> **TASK ITEM**:
Beginning at the line containing "국경 간 아동복 betop" in the material below and ending at the line containing "表盤V形標志的設(shè)計", return each line exactly and add nothing.

> **RECORDED DATA**:

=== Begin Enclosure ===

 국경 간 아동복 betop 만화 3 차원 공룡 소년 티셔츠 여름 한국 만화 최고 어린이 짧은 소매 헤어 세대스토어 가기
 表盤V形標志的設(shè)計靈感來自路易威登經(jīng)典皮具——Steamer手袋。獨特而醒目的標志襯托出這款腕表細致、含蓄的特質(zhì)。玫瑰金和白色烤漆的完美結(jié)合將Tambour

=== End Enclosure ===
=== Begin Enclosure ===

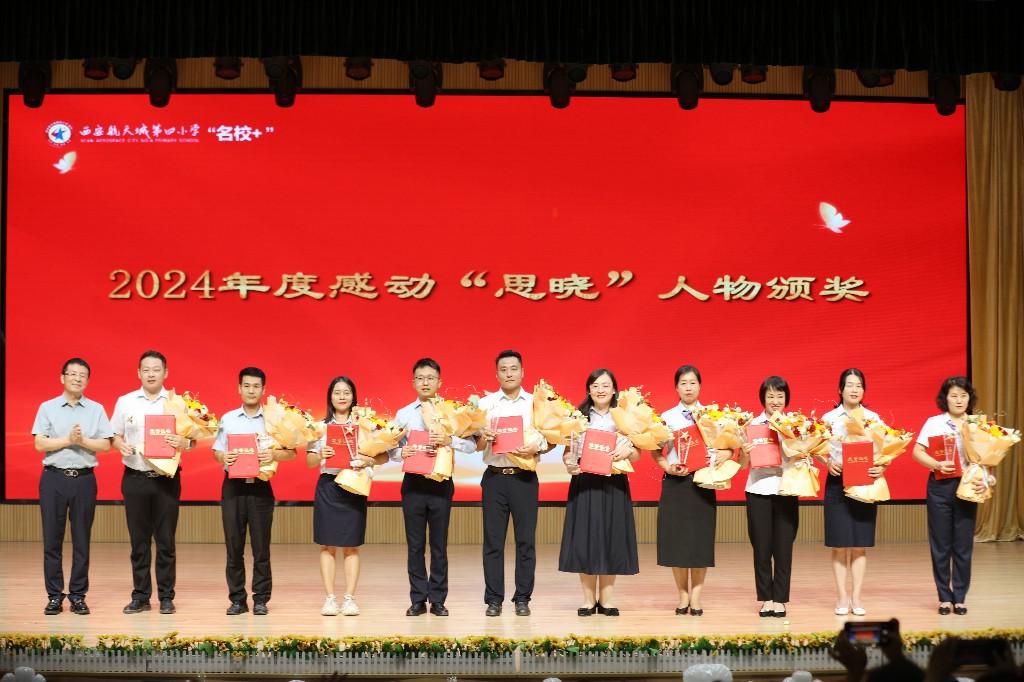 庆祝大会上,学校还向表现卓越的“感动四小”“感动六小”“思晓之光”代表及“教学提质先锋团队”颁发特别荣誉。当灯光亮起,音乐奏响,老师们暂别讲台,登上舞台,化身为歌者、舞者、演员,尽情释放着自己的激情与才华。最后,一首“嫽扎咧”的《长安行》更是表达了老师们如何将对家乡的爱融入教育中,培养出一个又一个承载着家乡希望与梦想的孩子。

=== End Enclosure ===

> **ANSWER TO THIS EXERCISE**:
 국경 간 아동복 betop 만화 3 차원 공룡 소년 티셔츠 여름 한국 만화 최고 어린이 짧은 소매 헤어 세대스토어 가기
 表盤V形標志的設(shè)計靈感來自路易威登經(jīng)典皮具——Steamer手袋。獨特而醒目的標志襯托出這款腕表細致、含蓄的特質(zhì)。玫瑰金和白色烤漆的完美結(jié)合將Tambour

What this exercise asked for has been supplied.